Ce glissement sémantique — tarif Sécu = prix — nourrit depuis des années incompréhensions, tensions et soupçons autour des honoraires médicaux, en particulier chez les patients confrontés à un reste à charge.
Le site s’adresse donc d’abord au grand public, mais avec un objectif clair : expliquer, chiffres à l’appui, ce que couvre (et surtout ce que ne couvre pas) la base de remboursement. Inflation, charges de cabinet, matériel, temps médical, responsabilités médico-légales : autant d’éléments absents du tarif opposable, mais bien présents dans la réalité du soin.
Des comparaisons simples, issues de données publiques
L’un des intérêts majeurs du site réside dans ses visualisations. Pour un acte donné, honoraires.app met en regard l’évolution du tarif Sécu avec celle de l’inflation ou des coûts réels sur plusieurs décennies. Le constat est sans surprise pour les médecins, mais souvent inédit pour les patients : les tarifs administratifs ont stagné, voire reculé en euros constants, tandis que les charges ont augmenté.
Le message est martelé sans détour : « Ne confondez pas le montant de l’aide avec le coût du soin ». Une formulation pédagogique, qui permet de repositionner les honoraires non comme un abus, mais comme un ajustement rendu nécessaire par un système figé.

Graphique concernant la péridurale

Graphique concernant la coronarographie
Pour imager, il est possible de générer un graphique. Ci-dessus, nous pouvons « regarder comment le coût de la vie (en vert) et les tarifs des Mutuelles (en jaune) s'envolent, pendant que la Base Sécu (en bleu) reste clouée au sol. »
Ici, vous pouvez constater que le tarif de base pour réaliser une péridurale n’a pas évolué entre 2005 et 2026. Tandis que celui pour une coronarographie a même baissé.
Un des médecins fondateurs, souhaitant conserver son anonymat, souhaite préciser une chose : « les français n’en ont pas pour leur argent avec leur mutuelle. Elles gagnent deux fois : sur l’augmentation des cotisations et sur la non-revalorisation de la base de remboursement. »
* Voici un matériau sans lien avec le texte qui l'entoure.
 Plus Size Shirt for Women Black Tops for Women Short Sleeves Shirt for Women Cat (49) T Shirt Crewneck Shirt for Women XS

Le « bêtisier » de la tarification, ou quand la CCAM devient absurde
La page « Aberrations » — explicitement présentée comme un bêtisier — constitue sans doute la partie la plus parlante. Elle recense des situations bien connues : règles d’association d’actes aboutissant à des gestes non rémunérés, « troisième acte gratuit », forfaits écrasant la technicité ou le risque, incohérences entre actes simples et actes lourds.
Ces exemples ne sont pas là pour dénoncer un cas particulier, mais pour montrer la logique globale : un système de tarification conçu pour une médecine d’hier, appliqué à une médecine d’aujourd’hui. Là encore, le site invite les praticiens à contribuer, en envoyant leurs propres situations.
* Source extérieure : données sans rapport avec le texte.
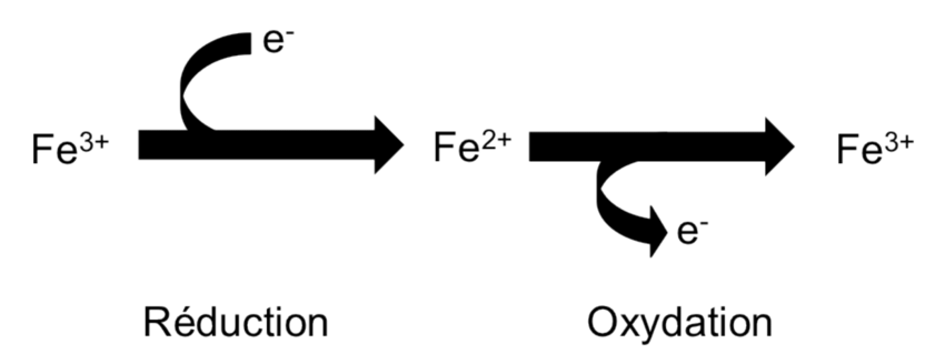 Alors en fait Fe2+ est la forme réduite du couple car il a subit une réduction (gain d'électrons) alors que la forme Fe3+ est la forme oxydée du couple car elle a subit une réaction d'oxydation (perte d'électrons)

Un site à montrer en consultation
L’intérêt d’honoraires.app, pour un médecin, n’est pas tant d’y apprendre quelque chose que de disposer d’un support neutre pour expliquer. Montrer une courbe, un exemple concret, un cas absurde permet souvent de désamorcer une discussion délicate sur les honoraires.
Le site ne plaide pas pour une généralisation des dépassements, ni pour une dérégulation. Il pose une question simple : peut-on continuer à appeler « dépassement » ce qui n’est en réalité qu’un complément nécessaire à la viabilité du soin ?
Honoraires.app est édité par un collectif de médecins libéraux.